9 Comments on Who Was Howard Thurman?

  • Joseph mitchell on 04.10.2012 at 11:53 am

    Could you tell me the date of Thurman’s first sermon adter he was named Dean of the Marsh Chapel? I was in a ministry of industry program at the Boston School of Theology in the summer of 1953 and have a vague memory of hearing the sermon. Could you send me a copy of the Worship Bulletin for that day. Joseph Mitchell, 7 Vandora Place, Durham, NC. 919 402 0984

  • Monica Tetzlaff on 07.20.2012 at 10:50 pm

    Thank you for publishing this information about Howard Thurman. He is an theologian whose writings still resonate powerfully with me on the importance of integrating one’s inner spiritual life with the outer life of compassion and social justice with one’s brothers and sisters.

  • Glennie Manuel on 02.06.2015 at 12:38 am

    I was elated when I came across this great information on Howard Thurman. Unknown to me to this point in my life. In 1953 I was just 1 year old. He was a phenomenal person. I enjoyed learning about him in your article. Thanks for sharing as He is one in a million.

  • Joyce Miller on 02.26.2015 at 6:12 pm

    When I was a student at Boston University, Howard Thurman was the Dean of Marsh Chapel — His sermons were incredible and he was very easy to talk with. Everyone learned a lot from him.

  • Joyce Miller on 02.26.2015 at 6:15 pm

    Thurman was dean while I was a student and his sermons were awesome.

  • Joyce Miller on 02.26.2015 at 9:21 pm

    Howard Thurman was an amazing person when I was an under grad at Boston University.
    He taught us much about life, about joy, about working together. And what he taught, stayed with many of us for the rest of our lives. And so it was and and so it is.

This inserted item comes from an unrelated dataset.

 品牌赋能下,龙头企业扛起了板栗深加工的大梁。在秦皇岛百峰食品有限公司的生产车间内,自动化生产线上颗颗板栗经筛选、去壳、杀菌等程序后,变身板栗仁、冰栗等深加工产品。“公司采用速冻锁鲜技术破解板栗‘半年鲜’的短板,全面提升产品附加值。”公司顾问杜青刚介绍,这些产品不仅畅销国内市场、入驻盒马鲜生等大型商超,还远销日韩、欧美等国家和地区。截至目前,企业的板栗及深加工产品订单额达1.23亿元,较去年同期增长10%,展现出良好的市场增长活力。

  • Elizabeth Chapman on 02.06.2016 at 6:40 am

    So many good and wise people that young people, politicians and leaders should know about! Lafayette and Mayme Noda ,now deceased, sent a Christmas card with a quote i want to share, so I looked up the name and see this wonderful l person who should never be forgotten! What do we get on the net, in many modern books today is distressing because it takes up too much room. What can we do to save all the important wisdom of the past for our striving to grow, be better individuals? If for nothing else, for our own good?

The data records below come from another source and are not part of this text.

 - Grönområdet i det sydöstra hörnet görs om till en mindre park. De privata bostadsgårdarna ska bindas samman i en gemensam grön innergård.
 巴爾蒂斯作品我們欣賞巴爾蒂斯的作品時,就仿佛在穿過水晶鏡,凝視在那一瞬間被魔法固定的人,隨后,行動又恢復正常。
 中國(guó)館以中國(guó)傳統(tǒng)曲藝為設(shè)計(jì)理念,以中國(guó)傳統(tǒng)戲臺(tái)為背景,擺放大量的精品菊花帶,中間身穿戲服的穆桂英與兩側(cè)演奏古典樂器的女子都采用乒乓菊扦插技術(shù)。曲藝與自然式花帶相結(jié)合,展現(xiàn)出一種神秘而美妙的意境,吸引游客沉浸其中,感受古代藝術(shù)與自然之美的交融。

  • velma marshburn on 10.27.2016 at 12:18 am

    Dr.Thurman taught my parents at Morehouse, andSpelman in the 1930’s.I met and was fascinated by his words at Hampton Institute in the 1950’s.His voice was mesmerizing,his eyes danced with passion as he spoke ,in a compelling fashion,during Religious Emphasis Week.I attended all his services and seminars,he really was a student of Gandhi,and shared his beliefs in non-violence.He made me want to be a better me,to use the privileges’,I had been given to help others

  • Brenda on 03.07.2018 at 10:35 am

    I was a 5 year old white girl living in Memphis, Tennessee during the post depression and post WWII hardship era. I was raised by strict parents who taught their six children to never be prejudiced against anyone because of skin color, socio-economics, or culture. Almost three-quarters of a century later I read, “Jesus and The Disinherited”. I wish I’d read it sooner and I wish everyone who hasn’t, would read it now.